Internet-Facing vs. VPC Mode

Out of the box, SageMaker notebook instances, training jobs, and endpoints all get direct internet access. Quick to set up. Terrible for production. I watched teams run like this for months, then face a brutal migration when compliance caught up. VPC mode places SageMaker resources inside your own Virtual Private Cloud, giving you actual control over what talks to what. Every production SageMaker deployment I build starts here.

VPC Configuration Best Practices

Use Private Subnets

Deploy SageMaker resources in private subnets. Full stop. Public subnets give your ML infrastructure a direct path to and from the internet; that attack surface buys you nothing. I have yet to see a legitimate production use case requiring SageMaker resources in a public subnet.

import boto3

sagemaker = boto3.client('sagemaker')

response = sagemaker.create_notebook_instance(
    NotebookInstanceName='my-secure-notebook',
    InstanceType='ml.t3.medium',
    SubnetId='subnet-xxxxx',  # Private subnet ID
    SecurityGroupIds=['sg-xxxxx'],
    DirectInternetAccess='Disabled',
    RoleArn='arn:aws:iam::account-id:role/SageMakerRole'
)
Creating a SageMaker notebook instance in a private subnet

Implement Multiple Availability Zones

For production workloads (especially SageMaker endpoints handling real-time inference), spread resources across at least two Availability Zones. Learned this one the hard way. An AZ outage in us-east-1 took down a single-AZ inference endpoint for 47 minutes. The multi-AZ version of that same service? Up the entire time.
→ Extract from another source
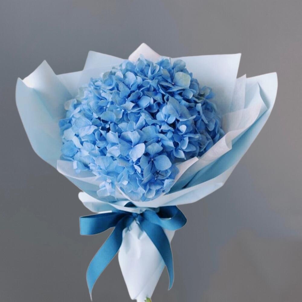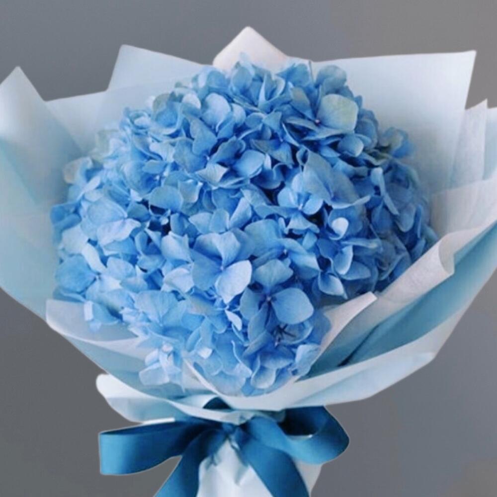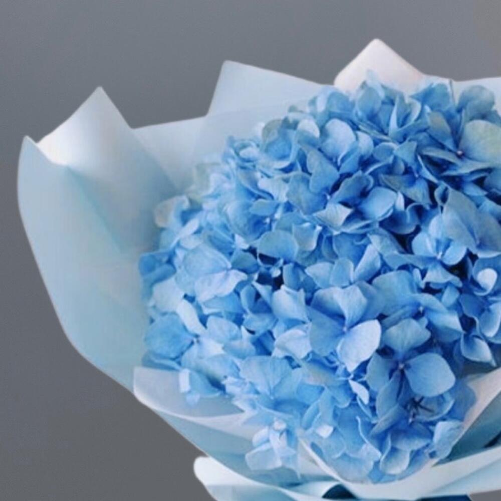 Подарите этот букет себе или близкому человеку, и позвольте ему принести в вашу жизнь свежесть, красоту и неповторимый шарм голубой гортензии

Network Isolation for Training Jobs

Working with sensitive data? Run training jobs in network isolation mode. This blocks the training container from making any outbound network calls. A healthcare client had a compliance requirement that no patient data could leave the VPC boundary during model training. Network isolation was the cleanest way to satisfy that requirement.

import boto3

sagemaker_client = boto3.client('sagemaker')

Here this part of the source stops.